**PROBLEM TO SOLVE:**
Exactly as written, transcribe the data from its opening line through the line containing "Czech & Bronze". Leave every picture out.

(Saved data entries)
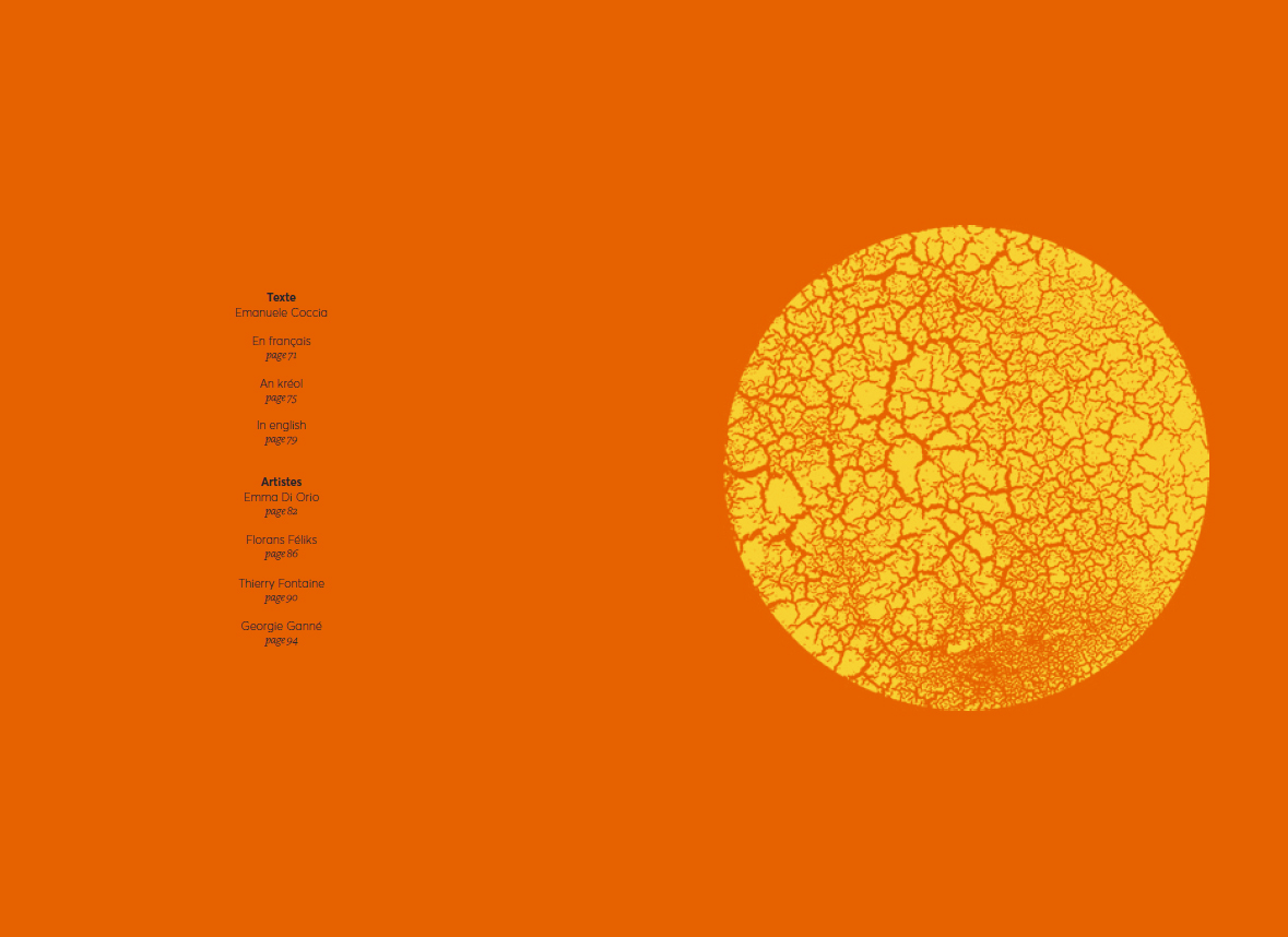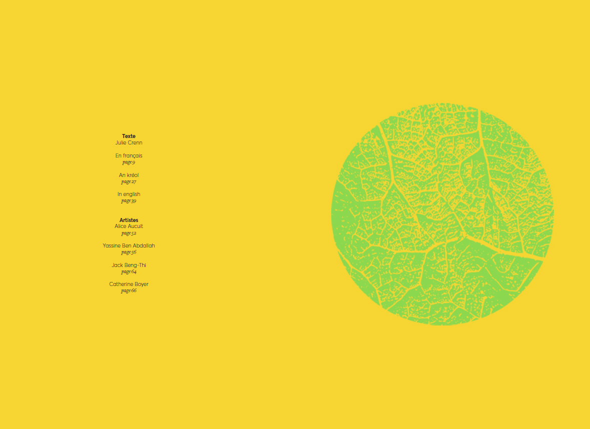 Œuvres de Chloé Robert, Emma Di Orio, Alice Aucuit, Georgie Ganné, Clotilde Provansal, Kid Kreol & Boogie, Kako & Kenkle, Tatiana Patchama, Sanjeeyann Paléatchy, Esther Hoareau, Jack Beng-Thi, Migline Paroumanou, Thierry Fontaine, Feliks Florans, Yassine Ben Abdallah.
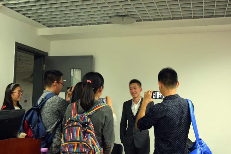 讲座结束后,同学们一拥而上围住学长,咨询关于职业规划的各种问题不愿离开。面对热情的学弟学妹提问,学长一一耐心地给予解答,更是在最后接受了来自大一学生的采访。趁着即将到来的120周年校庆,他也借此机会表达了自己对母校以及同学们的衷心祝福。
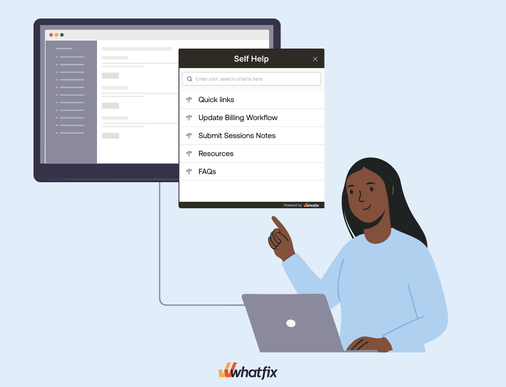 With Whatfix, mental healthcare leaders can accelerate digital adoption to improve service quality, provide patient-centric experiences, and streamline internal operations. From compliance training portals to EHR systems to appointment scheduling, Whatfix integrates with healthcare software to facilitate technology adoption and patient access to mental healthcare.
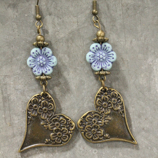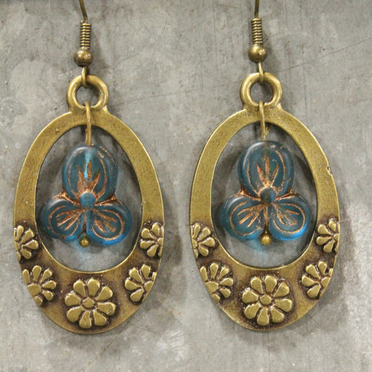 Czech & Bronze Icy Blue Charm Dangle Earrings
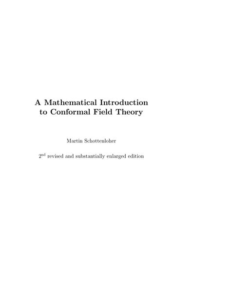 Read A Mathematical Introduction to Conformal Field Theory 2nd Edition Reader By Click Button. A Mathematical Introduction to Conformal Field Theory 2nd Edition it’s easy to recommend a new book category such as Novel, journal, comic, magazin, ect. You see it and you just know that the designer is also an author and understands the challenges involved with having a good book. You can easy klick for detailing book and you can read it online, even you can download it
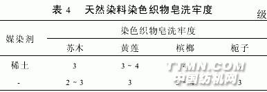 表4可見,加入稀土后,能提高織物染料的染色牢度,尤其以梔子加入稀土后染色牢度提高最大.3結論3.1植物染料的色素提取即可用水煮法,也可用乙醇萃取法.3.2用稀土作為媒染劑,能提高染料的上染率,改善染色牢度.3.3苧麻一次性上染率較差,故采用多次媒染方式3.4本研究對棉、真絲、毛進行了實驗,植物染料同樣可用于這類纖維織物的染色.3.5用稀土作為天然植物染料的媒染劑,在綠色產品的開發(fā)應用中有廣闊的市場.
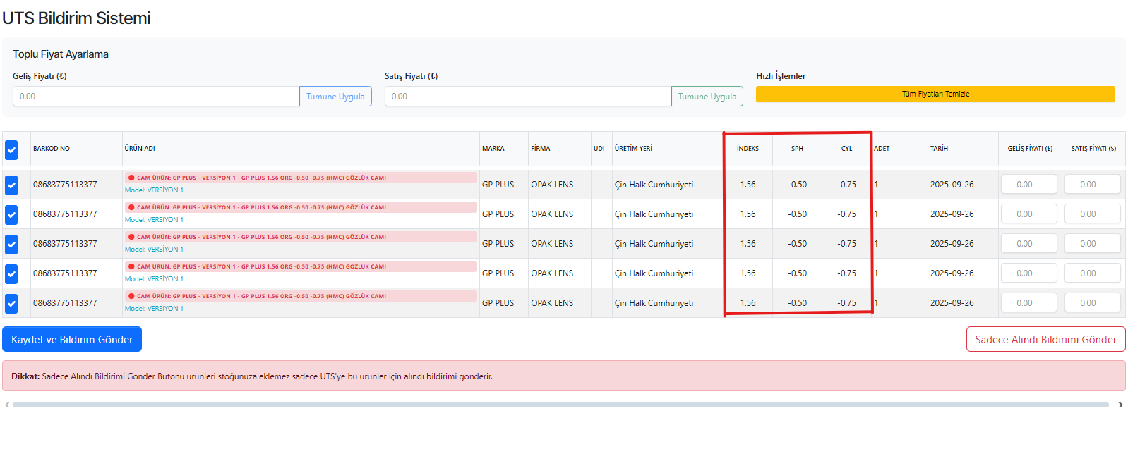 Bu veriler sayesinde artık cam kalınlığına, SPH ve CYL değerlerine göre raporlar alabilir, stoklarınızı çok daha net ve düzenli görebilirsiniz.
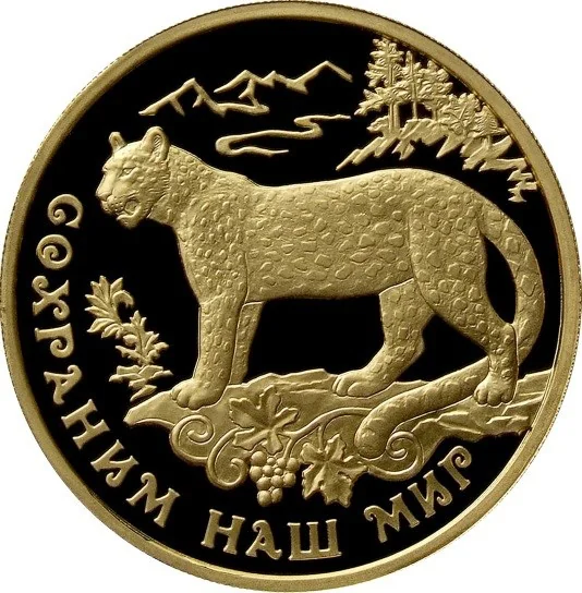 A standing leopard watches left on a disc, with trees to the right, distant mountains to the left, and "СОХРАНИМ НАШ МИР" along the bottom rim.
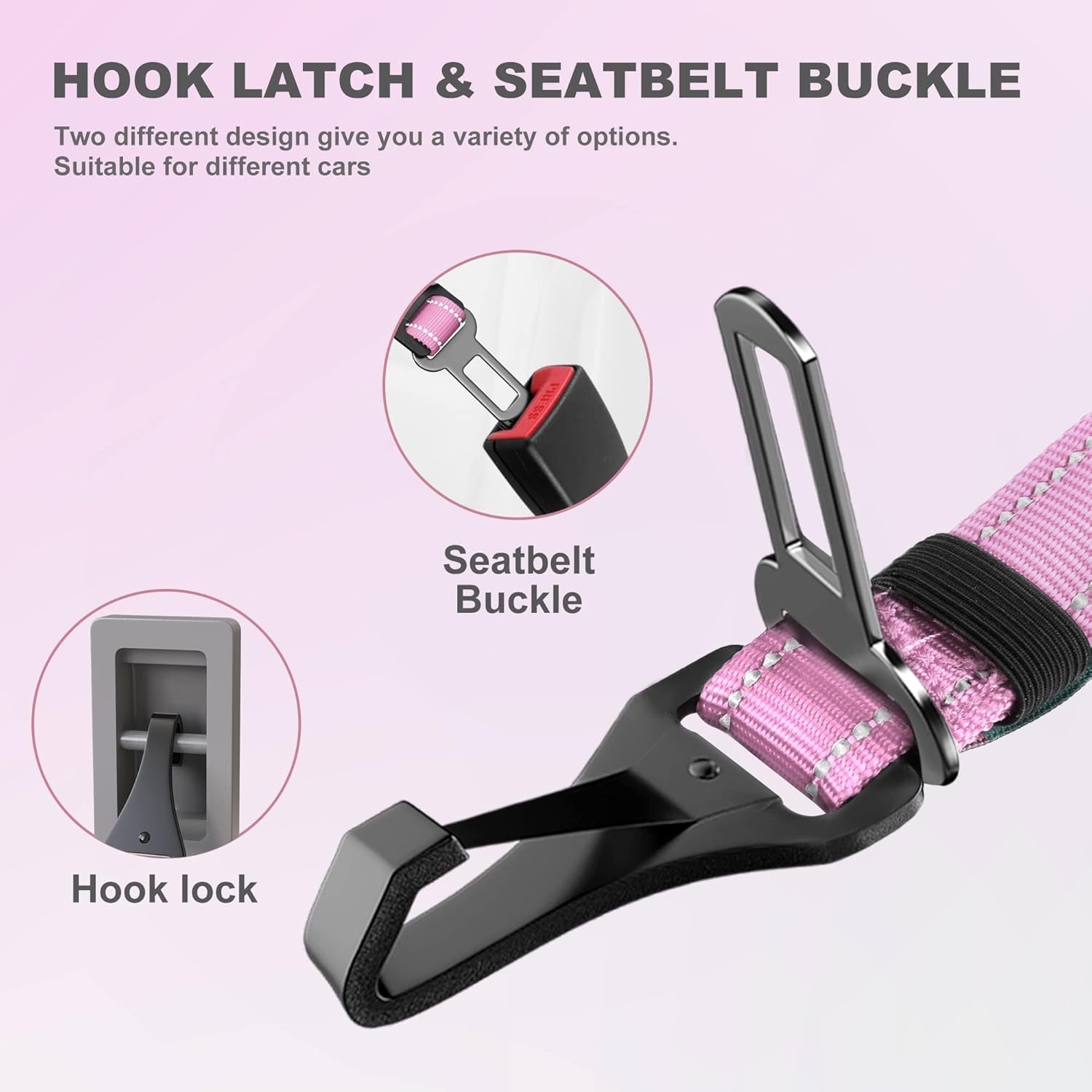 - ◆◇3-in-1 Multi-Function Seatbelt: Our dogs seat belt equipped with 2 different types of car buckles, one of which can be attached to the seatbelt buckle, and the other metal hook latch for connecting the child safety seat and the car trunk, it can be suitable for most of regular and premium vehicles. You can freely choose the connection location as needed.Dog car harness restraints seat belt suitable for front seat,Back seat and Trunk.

**TASK RESPONSE:**
 Œuvres de Chloé Robert, Emma Di Orio, Alice Aucuit, Georgie Ganné, Clotilde Provansal, Kid Kreol & Boogie, Kako & Kenkle, Tatiana Patchama, Sanjeeyann Paléatchy, Esther Hoareau, Jack Beng-Thi, Migline Paroumanou, Thierry Fontaine, Feliks Florans, Yassine Ben Abdallah.
 讲座结束后,同学们一拥而上围住学长,咨询关于职业规划的各种问题不愿离开。面对热情的学弟学妹提问,学长一一耐心地给予解答,更是在最后接受了来自大一学生的采访。趁着即将到来的120周年校庆,他也借此机会表达了自己对母校以及同学们的衷心祝福。
 With Whatfix, mental healthcare leaders can accelerate digital adoption to improve service quality, provide patient-centric experiences, and streamline internal operations. From compliance training portals to EHR systems to appointment scheduling, Whatfix integrates with healthcare software to facilitate technology adoption and patient access to mental healthcare.
 Czech & Bronze Icy Blue Charm Dangle Earrings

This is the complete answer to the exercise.